• **PROMPT**: Give back the exact lines of the material below from the one containing "圖為大香蕉一级片视频(深圳)" through the one containing "Positioned within a", and no pictures.
___ RECORDS FOR THE EXERCISE
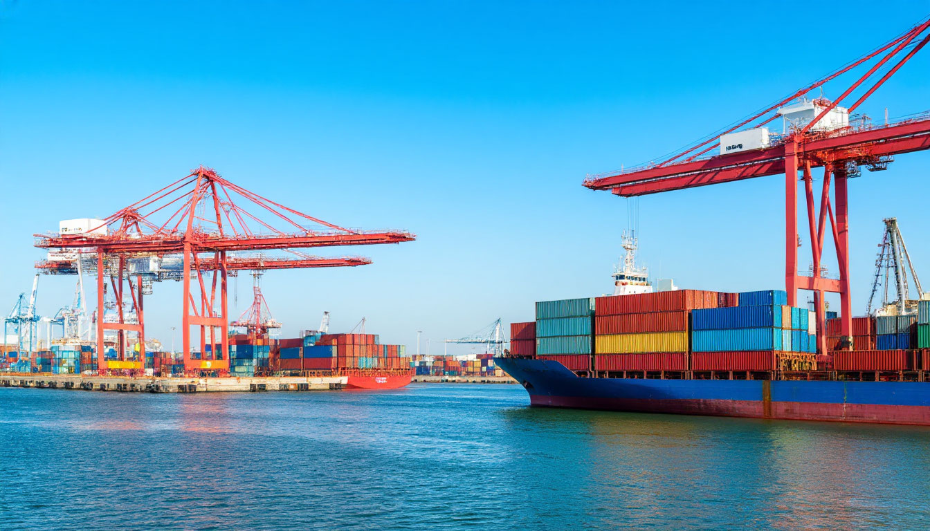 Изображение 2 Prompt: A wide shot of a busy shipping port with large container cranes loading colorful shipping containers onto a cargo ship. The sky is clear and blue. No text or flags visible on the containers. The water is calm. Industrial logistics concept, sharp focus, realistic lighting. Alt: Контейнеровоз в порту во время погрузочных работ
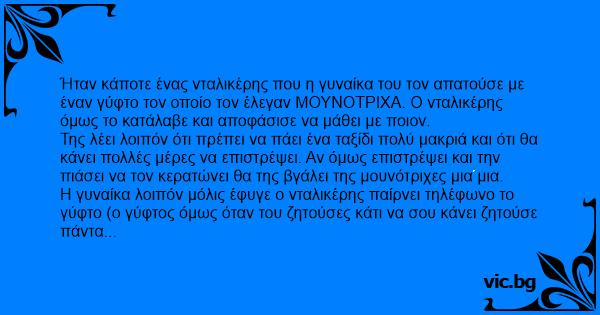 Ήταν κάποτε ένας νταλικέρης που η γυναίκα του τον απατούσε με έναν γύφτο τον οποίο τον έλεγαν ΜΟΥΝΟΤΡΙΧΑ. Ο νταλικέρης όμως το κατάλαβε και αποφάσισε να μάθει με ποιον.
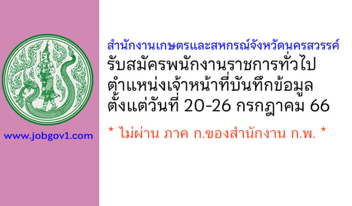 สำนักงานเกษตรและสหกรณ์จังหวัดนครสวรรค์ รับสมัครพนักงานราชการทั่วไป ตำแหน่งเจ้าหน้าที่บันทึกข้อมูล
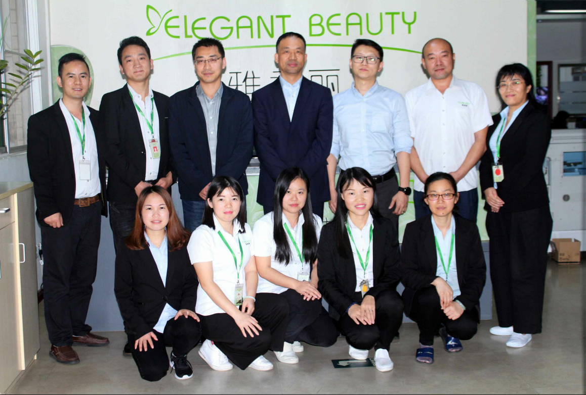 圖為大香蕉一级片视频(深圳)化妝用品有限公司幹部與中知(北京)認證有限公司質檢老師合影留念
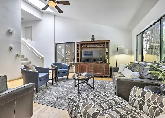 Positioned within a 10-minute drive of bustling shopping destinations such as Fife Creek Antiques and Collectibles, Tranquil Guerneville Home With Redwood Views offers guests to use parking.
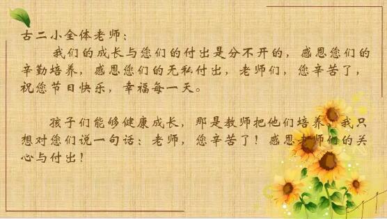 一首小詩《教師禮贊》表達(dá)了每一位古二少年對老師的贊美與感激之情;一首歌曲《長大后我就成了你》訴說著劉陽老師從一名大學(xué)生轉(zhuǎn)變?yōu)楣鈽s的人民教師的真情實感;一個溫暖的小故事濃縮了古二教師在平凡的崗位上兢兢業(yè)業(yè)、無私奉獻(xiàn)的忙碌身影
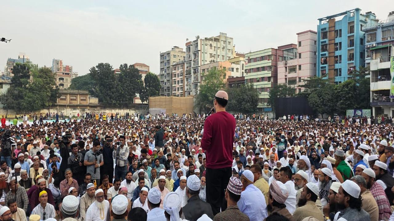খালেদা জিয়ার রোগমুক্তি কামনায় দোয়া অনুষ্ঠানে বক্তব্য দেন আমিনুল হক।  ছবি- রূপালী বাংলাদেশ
______
• **RESPONSE**:
 圖為大香蕉一级片视频(深圳)化妝用品有限公司幹部與中知(北京)認證有限公司質檢老師合影留念
 Positioned within a 10-minute drive of bustling shopping destinations such as Fife Creek Antiques and Collectibles, Tranquil Guerneville Home With Redwood Views offers guests to use parking.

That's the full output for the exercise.